LiveReport : Deafheaven aux Congés Annulés

 

Lonely People with Power and Responsabilities

 

Il y a quinze ans, Deafheaven n’était qu’un duo d’amis d’enfance enregistrant une démo sur une guitare acoustique empruntée. Aujourd’hui, le groupe de San Francisco s’est imposé comme l’une des formations les plus discutées, débattues, mais aussi les plus acclamées. Ce groupe de la scène du Metal contemporain, emblématique d’une « Pitchfork Era » portée par les critiques unanimes à l’époque de la sortie du translucide Sunbather et qui porte à bras ouvert aujourd’hui, un Lonely People with Power, salué comme son meilleur disque depuis justement, le fameux disque rose et jaune.

N’ayant jamais eu l’occasion d’expérimenter un concert de Deafheaven jusqu’à présent à cause des coups du sort ou des problèmes de planning. En pleine tournée européenne pour soutenir ce fantastique nouveau disque, on a eu l’occasion de faire quelques bornes pour enfin voire sur scène le groupe. Une date unique en semaine, entre les grosses dates de festivals européens, dans l’un des carrefour de la vieille europe qui les mènera notamment aux Rotondes, à Luxembourg, le 4 août.

Line-up
George Clarke (chant) · Kerry McCoy (guitare) · Daniel Tracy (batterie) · Shiv Mehra (guitare, claviers – absent ce soir là et à priori de la tournée européenne) · Chris Johnson (basse)

Deafheaven naît en février 2010 à San Francisco, fondé par deux amis d’enfance, le chanteur George Clarke et le guitariste Kerry McCoy, qui jouaient auparavant ensemble dans un groupe de grindcore local, Rise of Caligula. Le nom du groupe assemble les mots « deaf » (sourd) et « heaven » (paradis) en hommage au groupe shoegaze Slowdive, Clarke découvrira après coup que l’expression apparaît aussi dans le Sonnet 29 de Shakespeare.

Le label Deathwish Inc., fondé par le chanteur de Converge Jacob Bannon, les signe avant la fin de l’année. Leur premier album, Roads to Judah, sort en avril 2011 : le titre fait référence à la ligne de tramway N-Judah de San Francisco, et le disque pose déjà les bases d’un style inclassable, mêlant la virulence du black metal aux nappes du shoegaze et du post-rock — un genre que la presse finira par baptiser blackgaze.

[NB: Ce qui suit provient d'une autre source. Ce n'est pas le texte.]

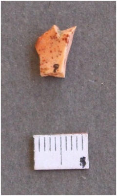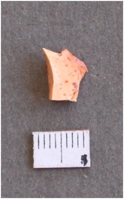 | Description / विवरण | It is a small reddish fragment, with sharp flaked edges. |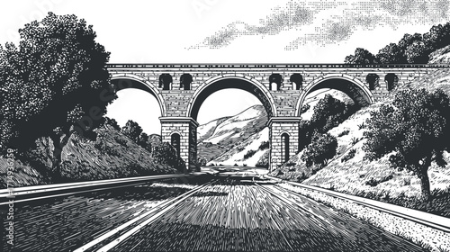 An artistic black and white illustration of a viaduct bridge over a countryside road.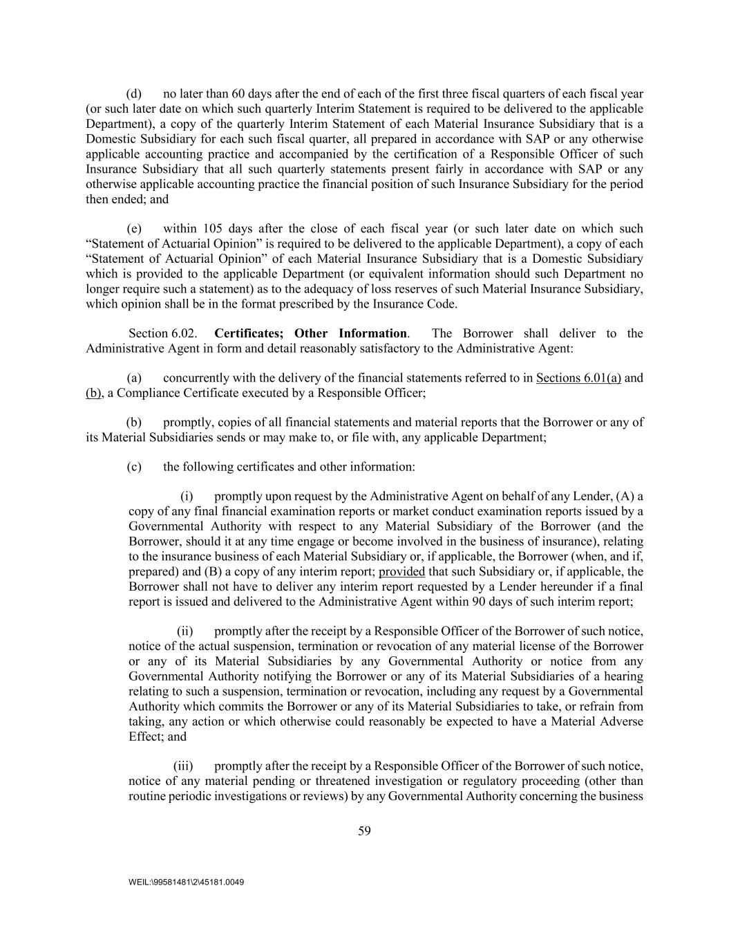 72 WEIL:\99581369\2\44393.0003 “Statement of Actuarial Opinion” of each Material Insurance Subsidiary that is a Domestic Subsidiary which is provided to the applicable Department (or equivalent information should such Department no longer require such a statement) as to the adequacy of loss reserves of such Material Insurance Subsidiary, which opinion shall be in the format prescribed by the Insurance Code. Section 6.02. Certificates; Other Information. The Borrower shall deliver to the Administrative Agent in form and detail reasonably satisfactory to the Administrative Agent: (a) concurrently with the delivery of the financial statements referred to in Sections 6.01(a) and (b), a Compliance Certificate executed by a Responsible Officer; (b) promptly, copies of all financial statements and material reports that the Borrower or any of its Material Subsidiaries sends or may make to, or file with, any applicable Department; (c) the following certificates and other information: (i) promptly upon request by the Administrative Agent on behalf of any Lender, (A) a copy of any final financial examination reports or market conduct examination reports issued by a Governmental Authority with respect to any Material Subsidiary of the Borrower (and the Borrower, should it at any time engage or become involved in the business of insurance), relating to the insurance business of each Material Subsidiary or, if applicable, the Borrower (when, and if, prepared) and (B) a copy of any interim report; provided that such Subsidiary or, if applicable, the Borrower shall not have to deliver any interim report requested by a Lender hereunder if a final report is issued and delivered to the Administrative Agent within 90 days of such interim report; (ii) promptly after the receipt by a Responsible Officer of the Borrower of such notice, notice of the actual suspension, termination or revocation of any material license of the Borrower or any of its Material Subsidiaries by any Governmental Authority or notice from any Governmental Authority notifying the Borrower or any of its Material Subsidiaries of a hearing relating to such a suspension, termination or revocation, including any request by a Governmental Authority which commits the Borrower or any of its Material Subsidiaries to take, or refrain from taking, any action or which otherwise could reasonably be expected to have a Material Adverse Effect; and (iii) promptly after the receipt by a Responsible Officer of the Borrower of such notice, notice of any material pending or threatened investigation or regulatory proceeding (other than routine periodic investigations or reviews) by any Governmental Authority concerning the business practices or operations of the Borrower or any of its Material Subsidiaries which is reasonably likely to have a Material Adverse Effect. (d) promptly upon (i) the acquisition by the Borrower or any of its Subsidiaries of any Person which engages in any material respect in an insurance business or (ii) any Subsidiary of the Borrower or any of its Subsidiaries becoming engaged in any material respect in an insurance business, a certificate of a Responsible Officer stating that such Person or Subsidiary shall be deemed to be an “Insurance Subsidiary” for all purposes of each Loan Document; (e) [reserved];

Les albums suivants creusent chacun un sillon différent. New Bermuda (2015), publié via Anti-, densifie encore la noirceur du son. Ordinary Corrupt Human Love (2018), dont le titre est emprunté à un roman de Graham Greene, vaut au groupe une nomination aux Grammy Awards pour le titre « Honeycomb ». Puis coup de théâtre en 2021 : Infinite Granite abandonne presque entièrement le black metal au profit d’un shoegaze aérien, porté par un chant clair inédit chez Clarke — un pari qui divise les fans autant qu’il conquiert de nouveaux auditeurs.

C’est avec leur second album, Sunbather (2013), que Deafheaven bascule dans une autre dimension. Écrit uniquement par Clarke et McCoy, comme la démo originelle, l’album explore l’idée d’une existence parfaite mais inatteignable, à travers un son plus lumineux, presque pop par endroits. Sa pochette — un simple dégradé pêche surmonté d’une typographie blanche — devient un objet culte, et le disque reçoit un accueil quasi unanime : Metacritic le désigne meilleur album de l’année 2013. C’est aussi à cette période que le line-up se stabilise autour de Daniel Tracy à la batterie et Shiv Mehra à la guitare, rejoints en 2017 par le bassiste Chris Johnson — une formation qui n’a plus bougé depuis.

 

Sorti le 28 mars 2025 chez Roadrunner, Lonely People with Power est le sixième album studio de Deafheaven — et le premier depuis sa signature chez ce nouveau label. Enregistré aux studios EastWest d’Hollywood avec le producteur Justin Meldal-Johnsen (déjà aux manettes d’Infinite Granite), le disque marque un retour assumé à la virulence du black metal après la parenthèse presque entièrement clean de son prédécesseur. George Clarke a expliqué que le titre ne renvoyait pas à une déclaration politique frontale, mais à une réflexion sur le pouvoir compris comme influence : atteindre le sommet supposerait, selon lui, de tourner le dos à la communauté.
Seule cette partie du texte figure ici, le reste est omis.